Coding tools. Tabby provides a self-hosted alternative to GitHub Copilot. Continue.dev integrates open models into VS Code and JetBrains. These tools are particularly valuable for organizations in regulated industries that cannot send code to external servers.
This infrastructure layer means that choosing an open model doesn't mean building everything from scratch. The deployment and integration problem has largely been solved.
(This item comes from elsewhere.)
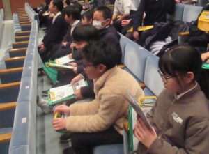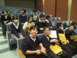 学校巡回公演【5、6年生 11月18日】 入善町内小学校6校の5、6年生が参加して、学校巡回公演がコスモホールで行われました。 今回は文化庁、公益社団法人宝生会様、株式会社影向舎様のご協力により開催されました。 初めて能に触れる子供たちが多いため、音楽を奏でる囃子方、楽器、役割、本日の演目「黒塚」の見どころについて解説していただきました。 子供たちは、能の世界に引き込まれ、「ストーリーが面白かった」「衣装がきれいだった」などと、感想を述べていました。 このような機会をいただいた、関係各位に感謝申し上げます。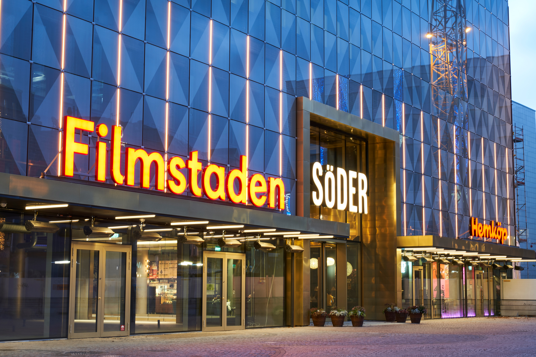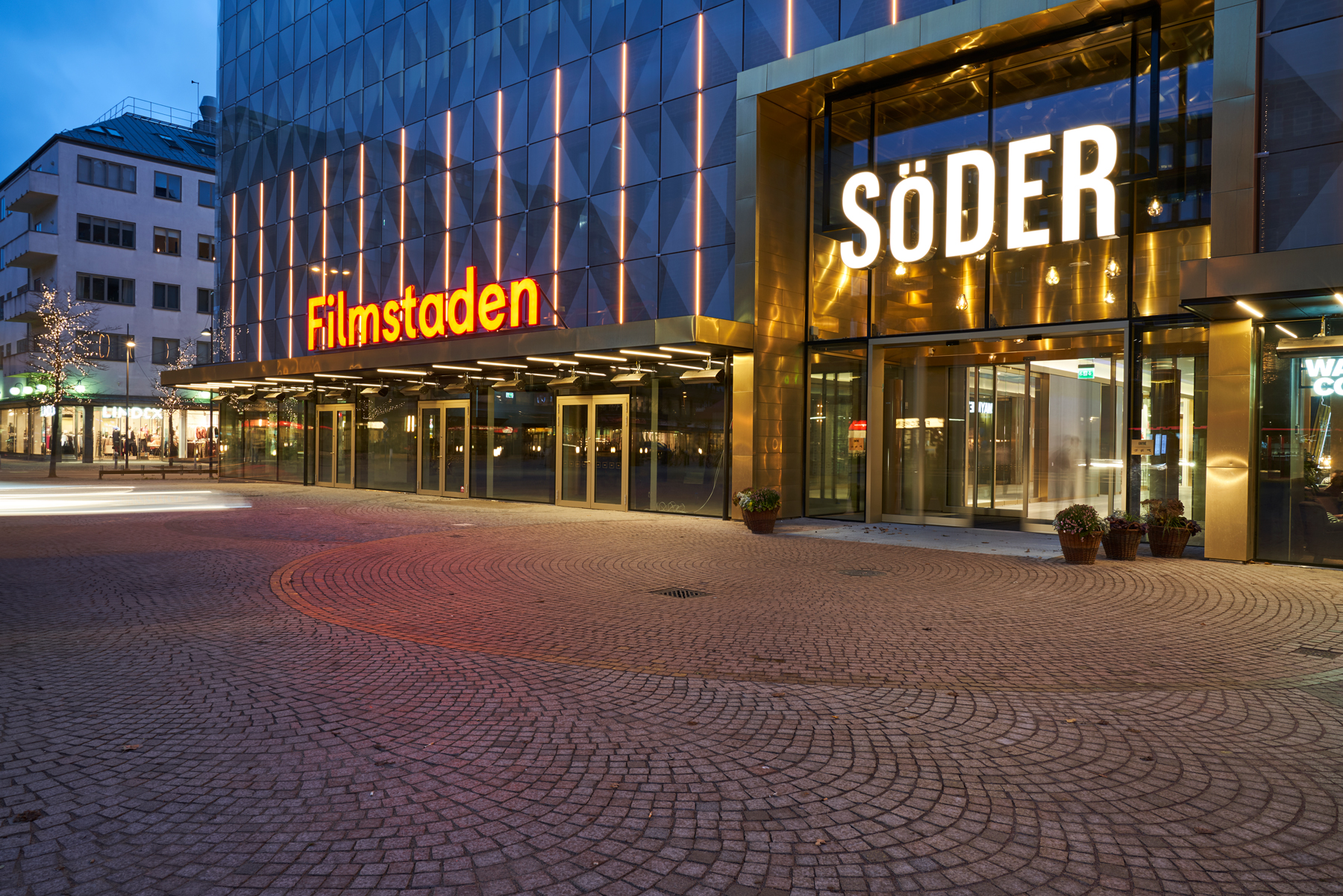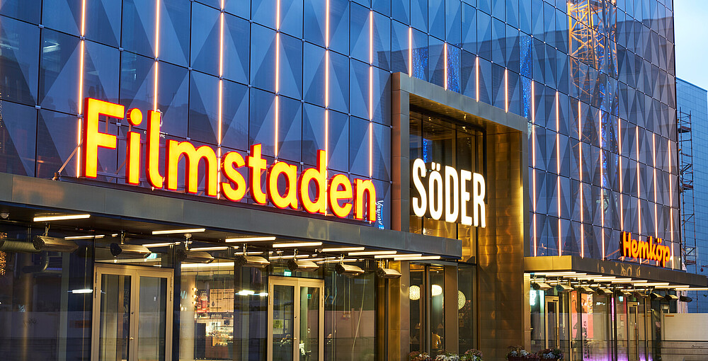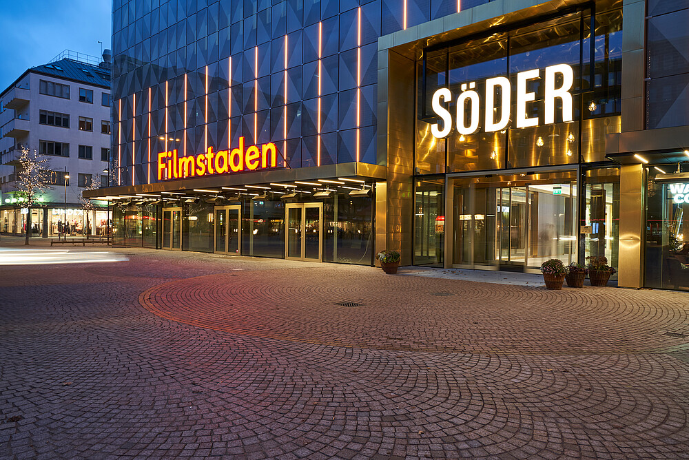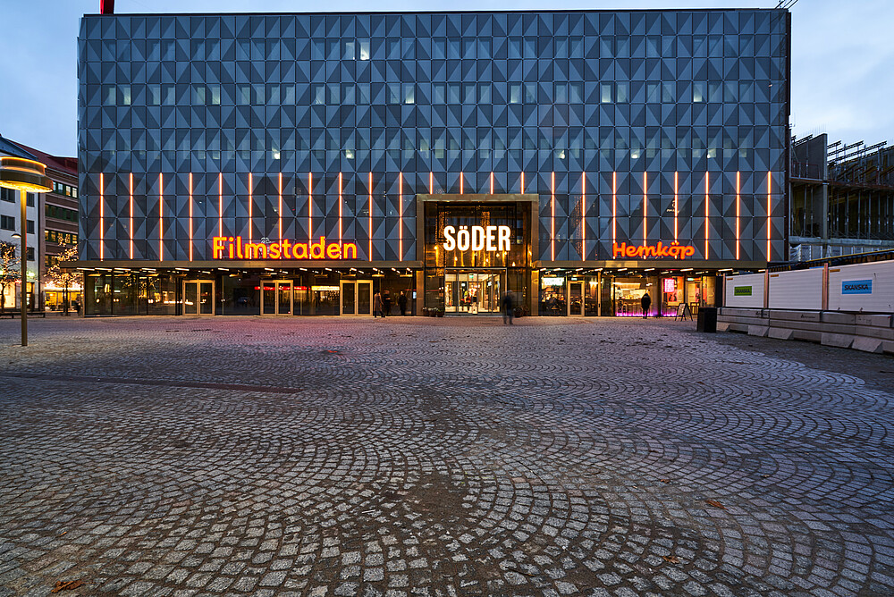 What was originally a department store, built in the 60's, got new screen printed glass facades and a thorough renovation. It became a shopping mall including cinema, grocery store, restaurant etc. Through good architecture, the public spaces are loaded with activity. This is just one of the blocks of Helsingborg's gigantic urban renewal project H+, which aims to densify and connect the district called Söder with the new neighborhoods that are built in the old harbor areas.

What This Means for Building Products
For us at Koobo, the practical impact of the open-source surge is about expanding what's possible:
Model selection becomes a real choice. Instead of defaulting to the most expensive frontier model for everything, we can match models to tasks. Use a frontier closed model for the hardest reasoning tasks. Use an efficient open model for high-volume processing. Use a small local model for prototyping and development.
Cost-sensitive features become viable. Features that would be prohibitively expensive with closed APIs — like running analysis on every document in a large corpus, or providing real-time assistance to every user simultaneously — become feasible with open models.
Deployment flexibility. Some customers need on-premise deployment. Some industries have strict data residency requirements. Open models can run anywhere — a cloud instance, a private data center, or a laptop.
Reduced dependency risk. Building on a single provider's API creates a single point of failure. When you can swap between providers and self-hosted models, you're more resilient to pricing changes, service disruptions, or capability regressions.
The Hybrid Future
The frontier isn't a binary choice between open and closed. The most effective approach for building sophisticated AI products is hybrid — using each where it's strongest.
Closed-source models excel when you need the absolute best reasoning, the strongest safety guarantees, integrated tooling ecosystems (like Claude Code's agentic capabilities), or enterprise support contracts.
Open-source models excel when you need cost efficiency at scale, deployment flexibility, domain-specific fine-tuning, data privacy guarantees, or independence from any single provider.
The organizations building the most capable AI products will be fluent in both — choosing the right model for each task, mixing providers freely, and keeping their architectures flexible enough to adopt new models as the landscape continues to evolve.
What's clear is that the days of closed-source models being the only serious option are over. The frontier is broadening, costs are dropping, and the tools available to builders have never been better.